By way of answer and cross-petition the defendants admit the payments alleged, say that the abstracts were ready at the place agreed, though not reaching plaintiffs at the time stipulated, deny that plaintiffs w'ere ready to perform, allege defendants’ readiness to perform March 1,1912, and the tender of a sufficient warranty deed; that “they at the time the transaction was to be closed, expressed a readiness and willingness to meet all reasonable objections made to said title, and to cure all defects therein as soon as the same could be done with reasonable dispatch; that they have employed attorneys for said purpose, and have instructed them to perfect said title, in so far as there are any defects therein, at the earliest, reasonably practical time, and they will have same so done;' that they are ready to protect plaintiffs against any sub*714stantial defeets in the title by having the notes and mortgages to be executed left in escrow until the title is perfected, or to give bond with good security to perfect same within a reasonable time; that plaintiffs leased the land, and the tenant went into possession, and by agreement the tenant is to pay rent to no one until it is determined who is entitled, to the same.” A counterclaim of defendant Carrie E. Stone for wrongfully suing out a writ of attachment, and praying for damages in the sum of $500, was included. They pray for specific performance; that a time be fixed within which plaintiffs shall comply with their agreement, and if they do not comply that forfeiture of the $2,000 be enforced. By amendment they asked that a vendor’s lien for the unpaid purchase money be established against the land. On April 18, 1913, defendants moved that the cause be transferred to. the equity side of the calendar, and if this were denied that all issues, of equitable nature be heard in equity.

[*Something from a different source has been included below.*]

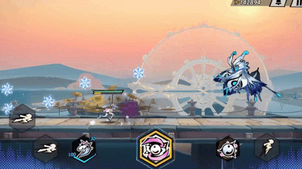 接着会迎来破茧,出来后变成绿色的蝴蝶,攻击也不一样,出现俩条蓝色的水龙一样从后方向你袭来,中间有个交会的地方,出现了我们就往上跳跃,攻击结束后会立马对我们进行俯冲,最好是向上跳不要硬攻,再次破茧是冬季,出现大片雪花和冲击波,雪花靠抗,冲击波看好距离躲避,最后变成金色开启一波狂暴,各种技能循环出现,所有躲避都是弹跳的最上方,躲过去就好了
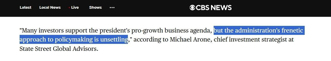 道富环球投资管理公司首席投资策略师迈克尔·阿罗内更是直言,特朗普政府制定经济政策的方式是“疯狂的”,“令人不安”。

On July 25,1912, Frank Wilber Newell and Laura Newell, his wife, filed a petition of intervention, and with L. F. Newell and Carrie Ellen Stone a cross-petition, in one pleading, with thirty or forty named defendants and unknown claimants, in substance praying that title to the land in controversy be quieted in the defendants L. F. Newell and Carrie E. Stone. On August 6,1912, plaintiffs moved that this pleading be stricken from the files on several grounds, to be referred to hereafter. The court sustained the motion to transfer the cause to the equity side of the calendar and overruled the motion to strike the petition of intervention and cross-petition praying that title be quieted. These rulings alone are challenged on this appeal.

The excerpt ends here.